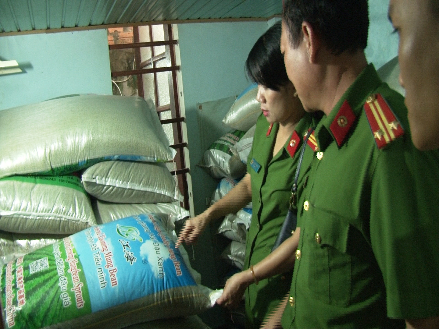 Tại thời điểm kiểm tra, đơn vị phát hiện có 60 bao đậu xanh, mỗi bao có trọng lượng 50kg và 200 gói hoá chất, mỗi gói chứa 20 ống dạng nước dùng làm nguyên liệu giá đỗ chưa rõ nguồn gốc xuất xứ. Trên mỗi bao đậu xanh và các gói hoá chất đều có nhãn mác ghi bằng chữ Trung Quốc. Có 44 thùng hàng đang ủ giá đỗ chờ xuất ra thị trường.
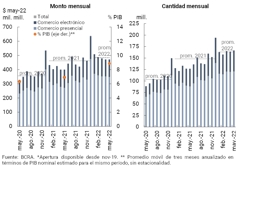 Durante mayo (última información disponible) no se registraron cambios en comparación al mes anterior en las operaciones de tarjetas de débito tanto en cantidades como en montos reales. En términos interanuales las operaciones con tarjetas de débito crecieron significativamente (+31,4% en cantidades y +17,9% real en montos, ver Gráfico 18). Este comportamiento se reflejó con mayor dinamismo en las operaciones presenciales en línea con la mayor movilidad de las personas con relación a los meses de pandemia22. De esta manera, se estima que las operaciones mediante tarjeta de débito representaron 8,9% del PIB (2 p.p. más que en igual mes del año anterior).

________

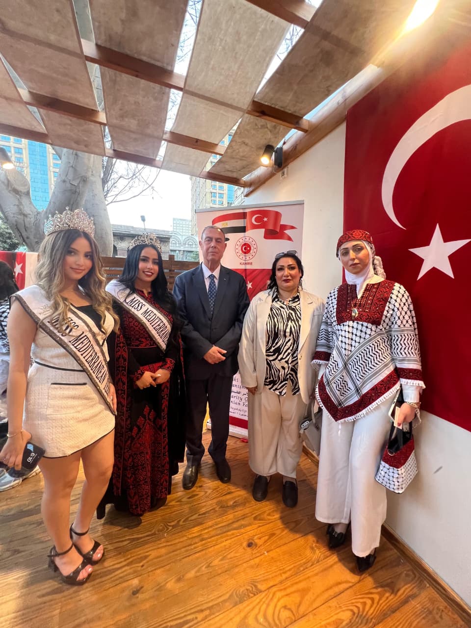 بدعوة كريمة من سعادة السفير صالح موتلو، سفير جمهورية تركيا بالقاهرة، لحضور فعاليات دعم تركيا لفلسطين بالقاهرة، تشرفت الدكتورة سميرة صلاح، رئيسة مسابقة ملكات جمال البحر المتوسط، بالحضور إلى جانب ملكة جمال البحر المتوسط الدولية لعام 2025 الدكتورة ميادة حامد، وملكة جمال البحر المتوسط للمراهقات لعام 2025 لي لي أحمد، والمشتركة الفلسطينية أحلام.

________

# [Brief]
With the pictures omitted, print the lines above exactly, beginning at the line with "Tại thời điểm" and going on through the line with "Durante mayo (última".

# [Task response]
 Tại thời điểm kiểm tra, đơn vị phát hiện có 60 bao đậu xanh, mỗi bao có trọng lượng 50kg và 200 gói hoá chất, mỗi gói chứa 20 ống dạng nước dùng làm nguyên liệu giá đỗ chưa rõ nguồn gốc xuất xứ. Trên mỗi bao đậu xanh và các gói hoá chất đều có nhãn mác ghi bằng chữ Trung Quốc. Có 44 thùng hàng đang ủ giá đỗ chờ xuất ra thị trường.
 Durante mayo (última información disponible) no se registraron cambios en comparación al mes anterior en las operaciones de tarjetas de débito tanto en cantidades como en montos reales. En términos interanuales las operaciones con tarjetas de débito crecieron significativamente (+31,4% en cantidades y +17,9% real en montos, ver Gráfico 18). Este comportamiento se reflejó con mayor dinamismo en las operaciones presenciales en línea con la mayor movilidad de las personas con relación a los meses de pandemia22. De esta manera, se estima que las operaciones mediante tarjeta de débito representaron 8,9% del PIB (2 p.p. más que en igual mes del año anterior).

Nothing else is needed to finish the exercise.